The UK will remain in lockdown for "at least" three more weeks as Dominic Raab, the Foreign Secretary, urged the British public to be patient, at a Downing St press conference overnight.
Raab, who is deputising for Prime Minister Boris Johnson while he recovers from Covid-19, said that lifting lockdown measures would risk a second peak with more deaths and a second lockdown.
"We've come too far, we've lost too many loved ones," said Raab, adding: "There is light at the end of the tunnel."
He stressed that the government would not relax lockdown unless five of its red lines were met. These included a sustained fall in daily death rates, sufficiently high numbers of personal protective equipment (PPE), testing and critical care, as well as confidence that any measures would not risk a second peak of the virus.
Calling this a "delicate and dangerous" time in the outbreak, Raab said: "Now is not the time to give coronavirus a second chance."

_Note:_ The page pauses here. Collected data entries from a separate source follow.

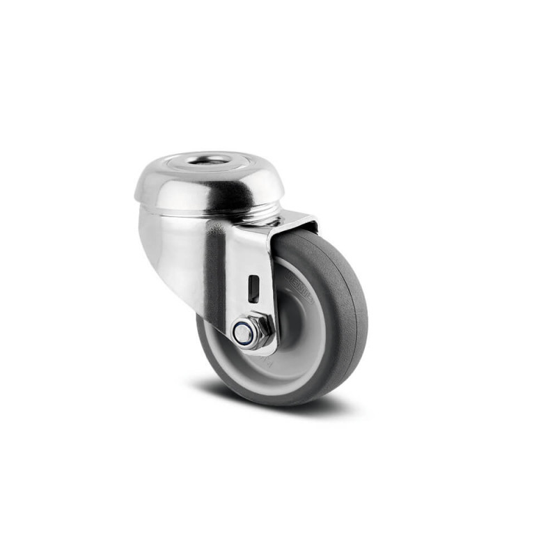 Rolă pivotantă, furcă din otel inoxidabil , rând dublu de bile în capul pivotant, alezaj pentru ax.
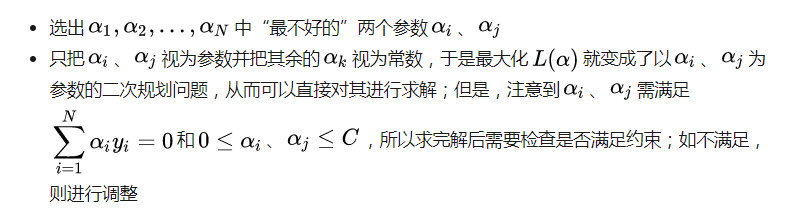 SMO 是由 Platt 在 1998 年提出的、针对软间隔最大化 SVM 对偶问题求解的一个算法,其基本思想很简单:在每一步优化中,挑选出诸多参数(
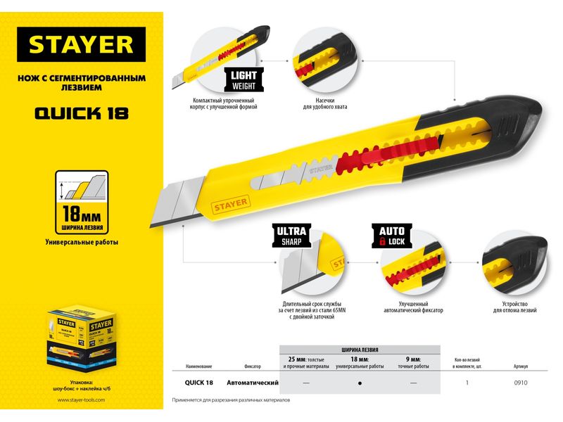 Купить Нож из АБС пластика QUICK-18, сегмент. лезвия 18 мм, STAYER
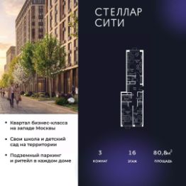 Продается квартира от надежного застройщика Tashir Estate в квартале бизнес-класса Stellar City в ЗАО Москвы.
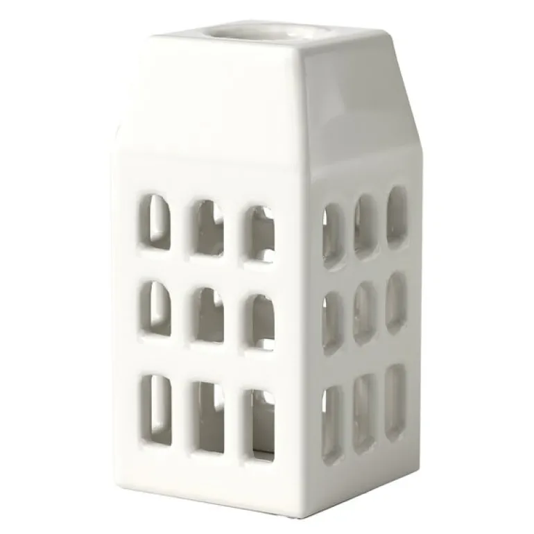 Dekorativt lyshus, Mini høyhus 9 cm, fra Urbania-serien til Kähler. Nyt klassisk bygningskunst fortolket i blankglasert keramikk gjennom Kählers håndlagde designtradisjoner. Med denne miniutgaven av et av Urbania-seriens ikoniske lyshus får du en unik variant av kronelys som vil skape en rustikk og koselig atmosfære i ethvert rom. Lysestaken Urbania Lyshus Mini Høyhus er 9 cm høy, og med hvert vindu utskåret for hånd får du en både autentisk og avslappet stemning, der kronelysestakene med sine små størrelser gjør dem helt perfekte til å skape en variasjon i samlingen av Urbania-lyshus. Plassert sammen med alle de andre Urbania-lyshusene, som i likhet med Mini Høyhus også er designet av Mette Bache og Barbara Bendix Becker, vil de skape en ny og annerledes bevegelse i bylivet. Med i alt fire fortolkninger av de klassiske bygningene fra Urbania-serien som kronelysestaker vil du enkelt og stilfullt kunne lyssette din helt egen ikoniske keramikkby.
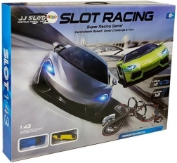Enjoy adrenaline-fueled racing on a long track with a length of up to 1020 cm. The set includes 2 cars in 1:43 scale, 2 handheld controllers, and power supply. Two loops, sharp turns, and illuminated headlights on the cars deliver realistic, exciting fun for kids from 6 years and adults alike.
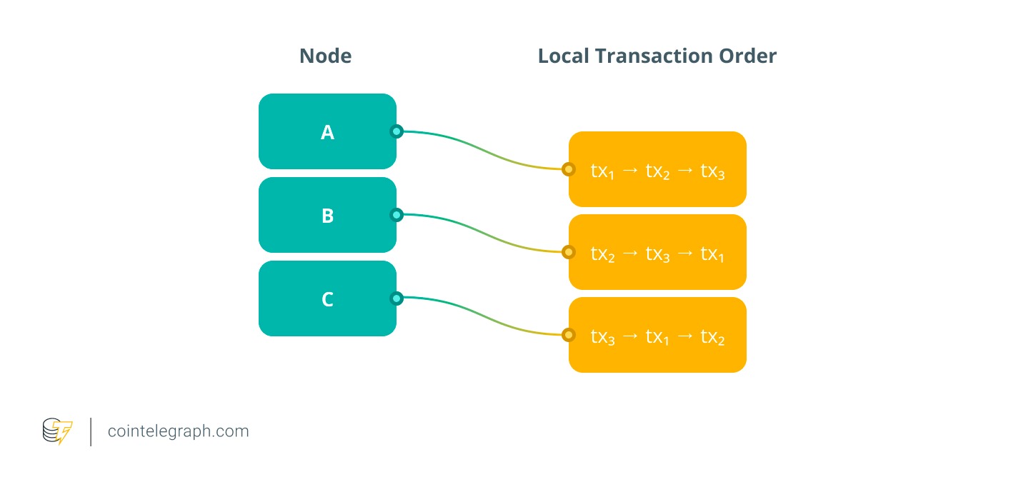 Consider three consensus nodes (A, B and C) and three transactions: tx₁, tx₂, and tx₃. A transaction is considered “received earlier” if at least two of the three nodes (a majority) observe it first.
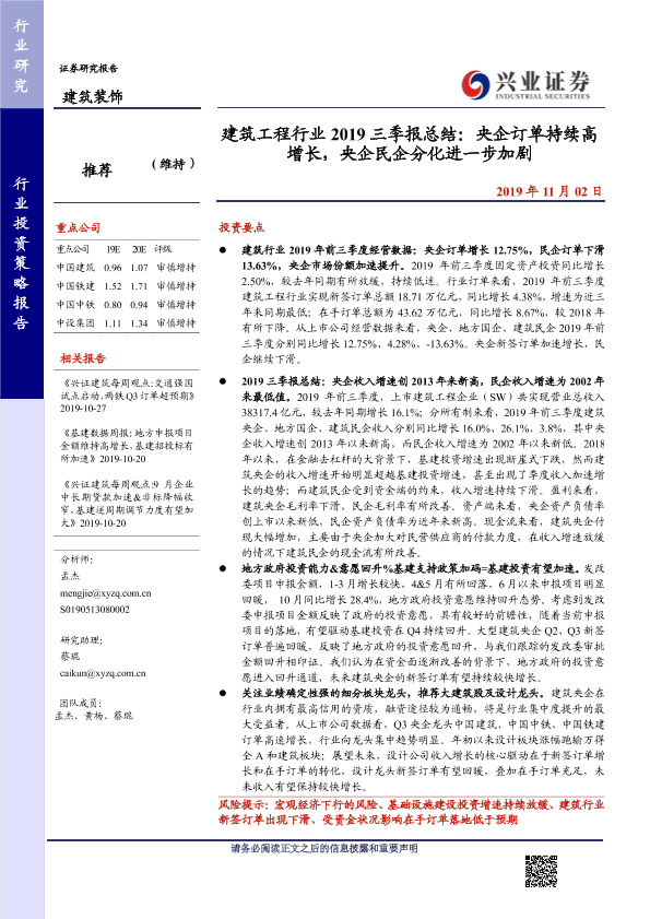 【兴业证券】【20191102】建筑工程行业2019三季报总结:央企订单持续高增长,央企民企分化进一步加剧-33页
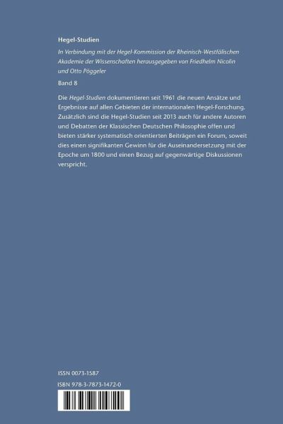 Die Hegel-Studien dokumentieren seit 1961 die neuen Ansätze und Ergebnisse auf allen Gebieten der internationalen Hegel-Forschung. Zusätzlich sind die Hegel-Studien seit 2013 auch für andere Autoren und Debatten der Klassischen Deutschen Philosophie offen und bieten stärker systematisch orientierten Beiträgen ein Forum, soweit dies einen signifikanten Gewinn für die Auseinandersetzung mit der Epoche um 1800 und einen Bezug auf gegenwärtige Diskussionen verspricht. Band 8: TEXTE UND DOKUMENTE Otto Pöggeler. Sinclair ¿ Hölderlin ¿ Hegel. Ein Brief von Karl Rosenkranz an Christoph Th. Schwab ¿ Helmut Schneider. Zur Dreiecks-Symbolik bei Hegel ¿ Manfred Baum und Kurt Meist. Hegels »Prometheische Confession«. Quellen für vier Jenaer Aphorismen Hegels ABHANDLUNGEN José María Ripalda. Poesie und Politik beim frühen Hegel ¿ Klaus Düsing. Die Bedeutung des antiken Skeptizismus für Hegels Kritik der sinnlichen Gewißheit ¿ George DiGiovanni. Montreal. Reflection and Contradiction. A Commentary on some Passages of Hegel¿s Science of Logic ¿ Hans-Martin Sass. Die philosophische Erdkunde des Hegelianers Ernst Kapp. Ein Beitrag zur Wissenschaftstheorie und Fortschrittsdiskussion in der Hegelschule LITERATURBERICHTE UND KRITIK BIBLIOGRAPHIE Abhandlungen zur Hegel-Forschung 1971 Print-On-Demand-Nachdruck der Ausgabe von 1973.
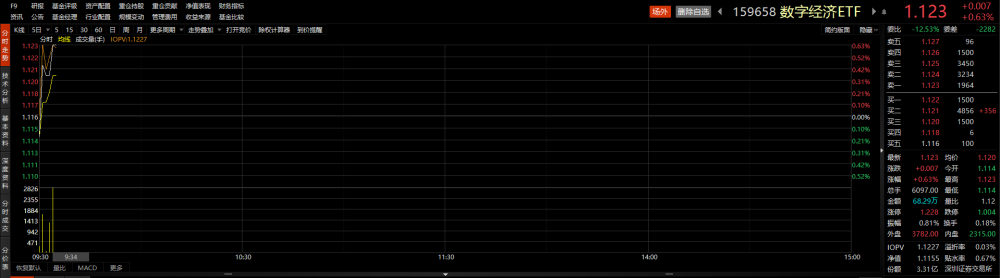 持有景嘉微、澜起科技、兆易创新等多只芯片股的数字经济ETF(159658)早盘上涨,截至发稿,涨幅为0.63%。

Under the extended lockdown measures, people were only allowed to leave their homes under a list of "very limited purposes", public gatherings of more than two people were banned and non-essential shops ordered to close.
These measures, introduced on March 2, were enforced by police.
Professor Gary McLean, Professor in Molecular Immunology, London Metropolitan University, said the decision makes "complete sense".
"They are quite rightly making sure that this outbreak does not expand further by releasing the control measures too soon, considering that the government were so slow in the initial phases of the pandemic to introduce lockdown this shows that they are listening and learning.
"The UK control measures should also reflect what has happened in other countries and learn from them. Wuhan, in China, had lockdown for 11 weeks and had far fewer cases than the UK at the time of lockdown. Europe has been too slow to react and the virus testing is not on a large enough scale, except for in Germany. Other European countries are still in lockdown, although some with fewer cases are relieving some control measures slowly.
"This will take time and the government is behaving responsibly and carefully now – they were slow to act in March, though, and could have done much more earlier."
Meanwhile, other European nations are facing their second major challenge of the coronavirus pandemic – tackling how to lift restrictions while keeping coronavirus transmission suppressed, news.com.au reported.
Spain, Italy, Germany, Austria and Denmark have announced plans to lift restrictions in the coming days and weeks after cases of the virus appeared to decline.
However, France and Belgium will also remain in lockdown until early May as case numbers and deaths remain high.
Europe has seen at least one million cases of coronavirus across the continent, killing more than 85,000 people and making it responsible for at least half of the global coronavirus burden.
France has said that its death toll of those in hospitals and nursing homes has risen to 17,920, up from 17,167 the previous day.